- League: Basketball League of Serbia
- Sport: Basketball
- Duration: October 5, 2013 – March 29, 2014
- TV partner: RTS

First League
- Season champions: FMP
- Season MVP: Andrija Bojić (OKK Beograd)
- Top scorer: Ognjen Jaramaz (Smederevo)

Super League
- Season champions: Partizan NIS
- Season MVP: Boban Marjanović (Crvena Zvezda Telekom)
- Top scorer: Bogdan Bogdanović (Partizan NIS)

Playoff stage
- Finals champions: Partizan NIS
- Runners-up: Crvena Zvezda Telekom
- Finals MVP: Bogdan Bogdanović (Partizan NIS)
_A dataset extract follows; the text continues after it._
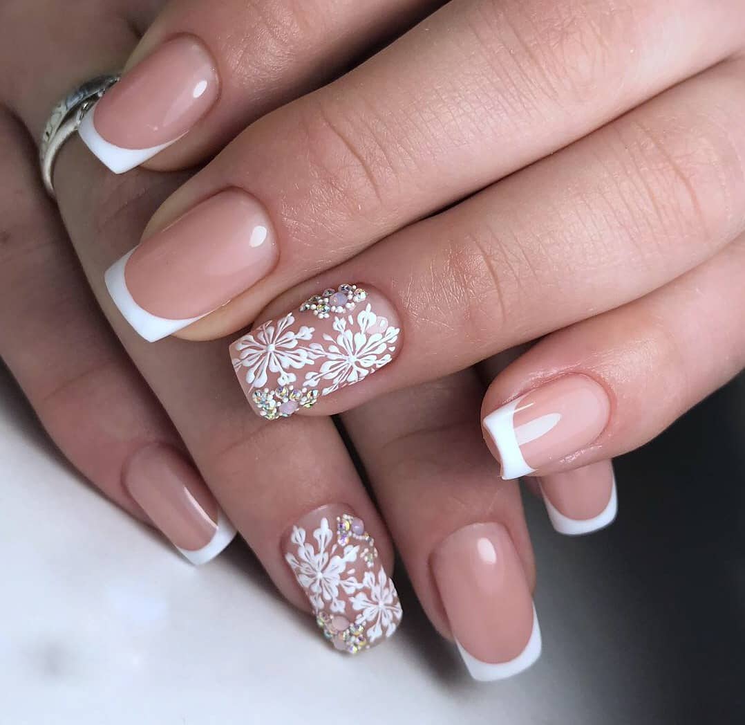 Он всегда смотрится привлекательно, независимо от времени года и дополнительного украшения. Именно поэтому его выбирают многие невесты для столь долгожданного праздничного дня. Конечно же, в данном случае заранее стоит обговорить все нюансы, чтобы в день свадьбы все прошло идеально. Чаще всего линию улыбки оформляют белым цветом и лишь на нескольких ноготках допустимо наносить рисунки. Это могут быть кружевные вставки, абстракция или же цветочный принт. В сочетании со стразами такой маникюр будет выглядеть потрясающе красиво.
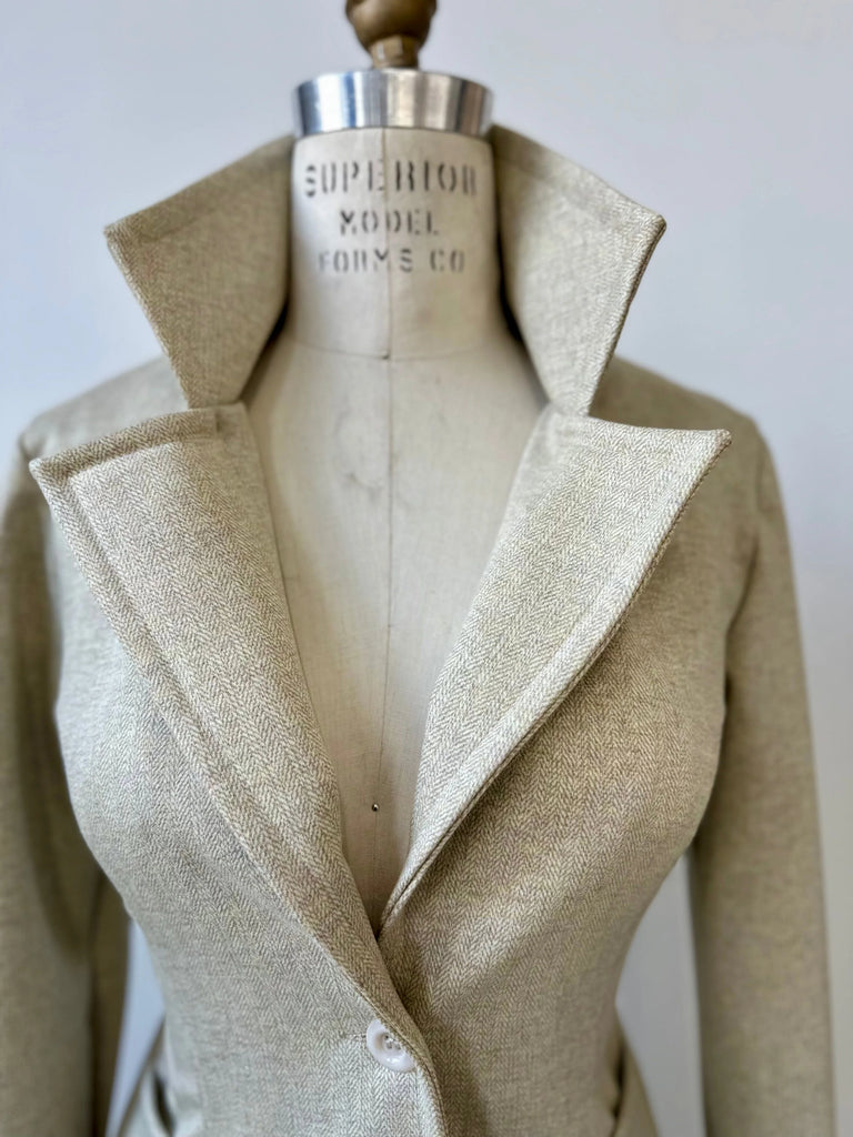 La veste Piper séduit par sa coupe courte et soignée, avec son col tailleur et ses deux poches discrètes à l’avant. Son tissu épais et doux, au chevron d’inspiration anglaise, enveloppe la silhouette avec une allure à la fois structurée et réconfortante. La dominante vanille se pare de reflets rosés et verdâtres, offrant un jeu de lumière raffiné qui illumine chaque tenue. Pièce forte et féminine, Piper conjugue élégance intemporelle et douceur lumineuse, pour un veston qui fait rayonner l’automne.

Basketball League of Serbia seasons
- ← 2012–132014–15 →

= 2013–14 Basketball League of Serbia =

The 2013–14 Basketball League of Serbia season is the eighth season of the Basketball League of Serbia, the highest professional basketball league in Serbia. It is also 70th national championship played by Serbian clubs inclusive of nation's previous incarnations as Yugoslavia and Serbia & Montenegro.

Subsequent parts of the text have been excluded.